Junior open-wheel racing championship in the United Kingdom certified by the FIA

The F4 British Championship, officially known as the Wera Tools F4 British Championship certified by FIA for sponsorship reasons and formerly known as MSA Formula in 2015, is a single-seater motorsport series based in the United Kingdom. The series is run to FIA Formula 4 regulations and is administered by Motorsport UK. The championship is designed as a low-cost entrance to car racing, and is aimed at young racing drivers moving up from karting.

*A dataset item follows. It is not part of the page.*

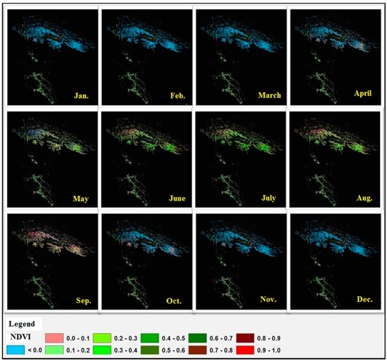 Gap-filling of NDVI time-series data produced a cleaned (smoothed), continuous curve of the NDVI for each pixel, while keeping much of the temporal information of the original dataset intact. Spatial and temporal variations of the mean annual grassland growth cycle of the study area over the 12 years from 2001 and 2012 is depicted through representative observations for each month. The spatio-temporal distribution of mean monthly variation of NDVI over 12 years of grasslands along altitudinal and/or latitudinal gradients is presented in Figure 2. The NDVI climatological analysis produced from monthly sequences of NDVI images indicate the spatiotemporal dynamics of grassland distribution at the landscape scale. In winter, most grasslands at higher altitudes (>2500 m) had negative NDVI values due to persistent snow cover; however, these permafrost layers of snow are a critical component for moisture supply to grasses. Several patches at middle and lower elevations did maintain slightly positive NDVI values. Initial increases in NDVI values were usually sharp and probably reflect the combined effects of new vegetation growth and snow melt, which by itself causes an increase in NDVI signals [19,45]. By mid-summer, most of the grasslands displayed rising NDVI values, though a few scattered low elevation patches had already peaked by early summer. Most of the patches were at their peak greenness in mid-summer (approximately June/July), after which NDVI values in most patches slowly decreased in September/October. Sharp decreases in NDVI values were marked by the beginning of winter, the end of the growing season, and the start of the snowy season (October/November) at high elevations.
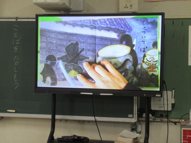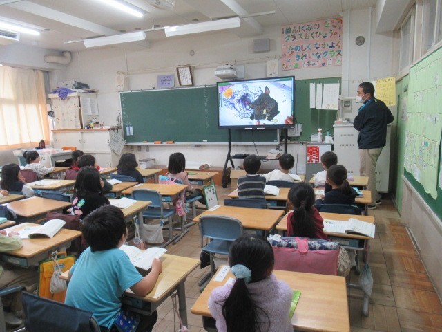 国語の授業で言葉の面白さを学んでいます。今日はその学習に合った絵本を読んでもらっていました。ニコニコ笑いながら楽しそうに聞いている様子を見て、話したり書いたりする力をつけるには言葉に興味をもつことが一番だなと感じました。

The championship replaces the British Formula Ford Championship, and used a chassis produced by Mygale and engines from Ford for seven seasons from 2015 to 2021. With Motorsport UK taking over the organization of the championship from 2022 to 2024, as Ford concluded their involvement, the championship switched to a Tatuus chassis and Abarth engines.

The series is part of the TOCA tour, a series of events run alongside the British Touring Car Championship.

== Championship format ==
Each championship event consists of three races. The series is run in support of the BTCC.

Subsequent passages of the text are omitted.